Кн. 2. Рассказы (1936-1939), Шаляпин: Встречи и совместная жизнь, Неопубликованное, Письма
М.: Русский путь, 2010.
Чепуха
Помню, мне один мой знакомый с окраины Москвы, с которым я раньше ловил рыбу на удочку, говорил:
— Мы,— говорит,— живем в такое время, что понять трудно. Будто это освободительное движение, так что, значит, освобождаться будем. Выходит так, что ни на что ручаться нельзя. И как-то все стали ссориться. В газетах читаешь — в Полинезии восстание, а в Лиссабоне забастовка, и где это Лиссабон — неизвестно. Встретил недавно Александра Ивановича Глушкова. Трактирщик он с Солянки.
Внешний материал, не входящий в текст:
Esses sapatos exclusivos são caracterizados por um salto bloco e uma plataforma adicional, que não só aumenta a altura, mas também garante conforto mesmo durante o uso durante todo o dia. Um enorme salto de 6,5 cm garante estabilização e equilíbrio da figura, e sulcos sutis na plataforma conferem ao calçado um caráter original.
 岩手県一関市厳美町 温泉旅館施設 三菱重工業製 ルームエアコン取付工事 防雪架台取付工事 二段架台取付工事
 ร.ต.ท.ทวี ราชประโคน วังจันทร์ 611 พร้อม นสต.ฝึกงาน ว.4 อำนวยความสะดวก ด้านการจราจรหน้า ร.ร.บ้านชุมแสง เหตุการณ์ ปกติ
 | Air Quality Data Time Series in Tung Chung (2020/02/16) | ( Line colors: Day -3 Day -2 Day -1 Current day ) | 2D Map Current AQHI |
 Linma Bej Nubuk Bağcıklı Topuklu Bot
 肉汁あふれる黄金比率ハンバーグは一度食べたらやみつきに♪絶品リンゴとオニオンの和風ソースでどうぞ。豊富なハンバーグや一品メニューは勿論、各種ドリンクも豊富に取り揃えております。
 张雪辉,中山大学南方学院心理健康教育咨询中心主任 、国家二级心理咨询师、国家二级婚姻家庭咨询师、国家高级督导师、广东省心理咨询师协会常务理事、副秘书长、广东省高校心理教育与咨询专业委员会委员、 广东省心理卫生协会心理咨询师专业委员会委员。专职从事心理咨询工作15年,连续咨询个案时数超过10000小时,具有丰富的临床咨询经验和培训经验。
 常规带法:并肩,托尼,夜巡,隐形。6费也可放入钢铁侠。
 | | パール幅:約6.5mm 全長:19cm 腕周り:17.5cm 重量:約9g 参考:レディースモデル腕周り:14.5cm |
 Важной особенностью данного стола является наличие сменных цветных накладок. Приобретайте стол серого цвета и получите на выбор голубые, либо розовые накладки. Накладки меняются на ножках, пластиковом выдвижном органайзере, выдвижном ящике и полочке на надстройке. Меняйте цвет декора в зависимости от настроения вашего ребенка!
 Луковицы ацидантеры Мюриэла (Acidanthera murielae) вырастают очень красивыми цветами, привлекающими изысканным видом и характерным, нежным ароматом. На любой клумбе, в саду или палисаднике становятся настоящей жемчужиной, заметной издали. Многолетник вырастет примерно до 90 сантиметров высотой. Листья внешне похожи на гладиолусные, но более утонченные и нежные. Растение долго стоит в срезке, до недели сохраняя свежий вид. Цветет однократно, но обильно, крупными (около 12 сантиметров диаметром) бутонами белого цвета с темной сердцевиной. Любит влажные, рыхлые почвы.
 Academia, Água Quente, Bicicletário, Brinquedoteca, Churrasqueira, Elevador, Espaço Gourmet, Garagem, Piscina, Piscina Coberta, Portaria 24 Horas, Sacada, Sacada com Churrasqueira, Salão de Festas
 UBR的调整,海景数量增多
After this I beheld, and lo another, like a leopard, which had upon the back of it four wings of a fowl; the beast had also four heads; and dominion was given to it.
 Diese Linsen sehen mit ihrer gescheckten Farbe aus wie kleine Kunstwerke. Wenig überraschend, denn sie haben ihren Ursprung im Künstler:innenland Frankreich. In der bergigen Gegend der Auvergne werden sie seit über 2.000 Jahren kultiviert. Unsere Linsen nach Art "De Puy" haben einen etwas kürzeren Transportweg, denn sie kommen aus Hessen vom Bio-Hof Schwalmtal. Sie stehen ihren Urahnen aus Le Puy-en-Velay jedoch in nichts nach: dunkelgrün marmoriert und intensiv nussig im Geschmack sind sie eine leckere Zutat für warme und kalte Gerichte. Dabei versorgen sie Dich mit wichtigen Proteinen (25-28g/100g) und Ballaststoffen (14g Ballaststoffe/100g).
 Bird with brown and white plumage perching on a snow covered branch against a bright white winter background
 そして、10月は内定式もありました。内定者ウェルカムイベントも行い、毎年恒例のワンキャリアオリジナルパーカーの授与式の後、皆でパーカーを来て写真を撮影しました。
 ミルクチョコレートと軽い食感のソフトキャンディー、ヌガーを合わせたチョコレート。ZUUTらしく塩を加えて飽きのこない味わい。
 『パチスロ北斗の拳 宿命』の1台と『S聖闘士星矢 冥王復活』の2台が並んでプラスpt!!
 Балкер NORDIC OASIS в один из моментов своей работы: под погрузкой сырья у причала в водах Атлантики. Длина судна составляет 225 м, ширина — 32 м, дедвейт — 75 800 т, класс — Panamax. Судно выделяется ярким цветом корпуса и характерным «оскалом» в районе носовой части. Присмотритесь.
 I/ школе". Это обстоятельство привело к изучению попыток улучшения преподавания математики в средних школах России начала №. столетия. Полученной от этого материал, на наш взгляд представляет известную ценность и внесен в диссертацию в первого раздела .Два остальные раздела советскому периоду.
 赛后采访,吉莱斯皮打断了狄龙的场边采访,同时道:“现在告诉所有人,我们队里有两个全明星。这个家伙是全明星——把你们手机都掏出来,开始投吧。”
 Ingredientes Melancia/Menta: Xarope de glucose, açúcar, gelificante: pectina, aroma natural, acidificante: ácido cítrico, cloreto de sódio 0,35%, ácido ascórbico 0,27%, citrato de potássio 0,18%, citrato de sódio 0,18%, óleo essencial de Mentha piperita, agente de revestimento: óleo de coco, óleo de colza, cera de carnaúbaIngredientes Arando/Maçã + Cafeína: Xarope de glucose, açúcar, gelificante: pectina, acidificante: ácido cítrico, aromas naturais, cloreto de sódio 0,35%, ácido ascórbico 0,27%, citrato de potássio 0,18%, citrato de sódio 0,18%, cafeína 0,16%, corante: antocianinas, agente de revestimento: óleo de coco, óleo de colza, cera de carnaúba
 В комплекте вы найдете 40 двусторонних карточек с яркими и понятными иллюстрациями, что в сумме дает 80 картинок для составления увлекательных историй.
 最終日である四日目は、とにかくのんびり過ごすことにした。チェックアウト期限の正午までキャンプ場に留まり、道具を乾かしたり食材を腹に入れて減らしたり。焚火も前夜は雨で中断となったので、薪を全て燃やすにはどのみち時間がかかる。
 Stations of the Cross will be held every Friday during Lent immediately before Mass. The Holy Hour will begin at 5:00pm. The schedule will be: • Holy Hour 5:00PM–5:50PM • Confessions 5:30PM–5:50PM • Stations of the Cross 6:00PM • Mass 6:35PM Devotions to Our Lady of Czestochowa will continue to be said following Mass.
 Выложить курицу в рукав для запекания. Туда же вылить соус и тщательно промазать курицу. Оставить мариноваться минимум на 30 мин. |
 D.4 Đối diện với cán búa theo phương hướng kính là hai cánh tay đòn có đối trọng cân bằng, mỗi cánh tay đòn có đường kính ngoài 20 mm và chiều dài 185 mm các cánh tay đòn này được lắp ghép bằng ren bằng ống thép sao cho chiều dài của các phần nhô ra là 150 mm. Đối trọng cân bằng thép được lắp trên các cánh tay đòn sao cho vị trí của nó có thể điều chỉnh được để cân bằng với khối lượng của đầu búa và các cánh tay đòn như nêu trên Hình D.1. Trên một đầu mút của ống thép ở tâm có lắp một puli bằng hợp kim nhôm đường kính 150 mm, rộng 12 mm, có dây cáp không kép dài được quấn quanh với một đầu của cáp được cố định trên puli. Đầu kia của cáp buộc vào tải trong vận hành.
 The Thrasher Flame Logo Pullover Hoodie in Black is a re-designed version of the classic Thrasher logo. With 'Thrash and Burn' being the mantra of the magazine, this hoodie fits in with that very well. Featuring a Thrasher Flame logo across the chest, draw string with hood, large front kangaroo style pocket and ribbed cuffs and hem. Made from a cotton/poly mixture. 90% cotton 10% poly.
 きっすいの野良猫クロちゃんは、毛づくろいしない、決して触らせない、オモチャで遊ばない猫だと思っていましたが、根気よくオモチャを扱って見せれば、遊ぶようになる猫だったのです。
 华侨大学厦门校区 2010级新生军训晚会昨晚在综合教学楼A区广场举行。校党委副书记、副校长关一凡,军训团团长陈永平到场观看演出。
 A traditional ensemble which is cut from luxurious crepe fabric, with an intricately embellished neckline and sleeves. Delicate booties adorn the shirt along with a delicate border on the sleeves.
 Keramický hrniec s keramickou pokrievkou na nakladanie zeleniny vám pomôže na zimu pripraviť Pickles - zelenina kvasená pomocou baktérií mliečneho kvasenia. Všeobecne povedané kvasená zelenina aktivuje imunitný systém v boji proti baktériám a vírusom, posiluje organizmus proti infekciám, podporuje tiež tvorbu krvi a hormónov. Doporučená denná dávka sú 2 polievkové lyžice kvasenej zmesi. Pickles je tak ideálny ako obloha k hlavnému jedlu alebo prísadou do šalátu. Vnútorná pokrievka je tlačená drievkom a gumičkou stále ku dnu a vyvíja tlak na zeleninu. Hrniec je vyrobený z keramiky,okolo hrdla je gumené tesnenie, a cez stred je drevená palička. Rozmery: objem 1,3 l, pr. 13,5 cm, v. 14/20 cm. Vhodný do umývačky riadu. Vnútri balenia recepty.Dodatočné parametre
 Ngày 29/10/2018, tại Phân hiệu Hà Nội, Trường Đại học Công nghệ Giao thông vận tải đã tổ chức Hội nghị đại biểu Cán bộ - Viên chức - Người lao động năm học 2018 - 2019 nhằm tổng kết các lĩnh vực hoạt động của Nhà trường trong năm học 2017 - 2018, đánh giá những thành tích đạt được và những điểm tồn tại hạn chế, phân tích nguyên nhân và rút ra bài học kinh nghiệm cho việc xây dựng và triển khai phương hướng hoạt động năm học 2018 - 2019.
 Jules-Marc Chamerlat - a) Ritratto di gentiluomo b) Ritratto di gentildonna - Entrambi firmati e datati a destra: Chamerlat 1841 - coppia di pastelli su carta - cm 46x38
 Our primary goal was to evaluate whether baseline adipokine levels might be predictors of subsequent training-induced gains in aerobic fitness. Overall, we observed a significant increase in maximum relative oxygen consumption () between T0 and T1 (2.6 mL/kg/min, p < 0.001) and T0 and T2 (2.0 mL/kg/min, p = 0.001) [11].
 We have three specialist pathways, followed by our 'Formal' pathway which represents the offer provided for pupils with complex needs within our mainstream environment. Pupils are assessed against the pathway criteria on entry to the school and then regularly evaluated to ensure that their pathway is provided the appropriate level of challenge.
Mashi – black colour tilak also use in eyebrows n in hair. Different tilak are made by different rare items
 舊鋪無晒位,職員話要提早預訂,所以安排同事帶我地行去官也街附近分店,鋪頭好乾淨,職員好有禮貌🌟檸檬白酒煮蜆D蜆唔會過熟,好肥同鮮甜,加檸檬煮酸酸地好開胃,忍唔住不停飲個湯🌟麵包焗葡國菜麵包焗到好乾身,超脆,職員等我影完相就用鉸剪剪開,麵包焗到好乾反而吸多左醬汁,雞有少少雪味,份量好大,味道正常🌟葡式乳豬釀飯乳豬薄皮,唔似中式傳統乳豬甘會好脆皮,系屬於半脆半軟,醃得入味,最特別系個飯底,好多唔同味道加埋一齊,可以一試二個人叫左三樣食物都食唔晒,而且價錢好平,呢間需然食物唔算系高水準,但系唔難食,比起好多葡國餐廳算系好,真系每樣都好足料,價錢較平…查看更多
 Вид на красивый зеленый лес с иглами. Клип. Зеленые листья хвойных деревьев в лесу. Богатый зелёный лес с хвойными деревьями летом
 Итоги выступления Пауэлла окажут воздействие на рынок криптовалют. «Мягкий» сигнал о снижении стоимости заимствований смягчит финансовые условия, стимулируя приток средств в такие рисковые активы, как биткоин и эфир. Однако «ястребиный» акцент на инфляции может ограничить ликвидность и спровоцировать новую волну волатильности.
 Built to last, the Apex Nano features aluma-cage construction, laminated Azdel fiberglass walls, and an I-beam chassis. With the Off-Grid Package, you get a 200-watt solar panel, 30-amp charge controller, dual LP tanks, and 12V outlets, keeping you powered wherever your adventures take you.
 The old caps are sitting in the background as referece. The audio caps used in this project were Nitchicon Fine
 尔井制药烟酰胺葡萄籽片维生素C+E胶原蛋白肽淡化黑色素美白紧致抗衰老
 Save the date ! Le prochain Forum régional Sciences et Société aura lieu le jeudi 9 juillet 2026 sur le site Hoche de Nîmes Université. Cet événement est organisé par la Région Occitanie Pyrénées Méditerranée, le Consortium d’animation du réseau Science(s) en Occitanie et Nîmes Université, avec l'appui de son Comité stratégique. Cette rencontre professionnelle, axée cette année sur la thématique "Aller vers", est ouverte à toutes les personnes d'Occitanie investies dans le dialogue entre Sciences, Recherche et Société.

Говорит: ‘Время теперь такое, несмотря на праздники, а веселья этого самого нет. Даже мои посетители жалуются, говорят, как-то не то. Пьешь, а тебя в грусть вдаряет. У меня прежде в трактире на Солянке, ах,— говорит,— гуляли ряженые, пляс идет, песни, веселье. А теперь сидят по столам все, насупившись, серьезные. Смотришь — поругаются, драка. Про политику говорят. В сурьез входят и спорят, спорят. Он, Глушков-то, смекалистый,— так я, говорит, нарочно двух горлотяпов держу. Как вижу, за столом в трактире про политику горячо в спор ударяются, я сейчас горлотяпам и мигну. Ну, они, значит, живо наружу выбегут и уж ‘караул’ орут. Ну, сразу в трактире все к окнам бросаются смотреть — что такое. Помогает, говорит, это самое. И драк меньше бывает. И спору нет’.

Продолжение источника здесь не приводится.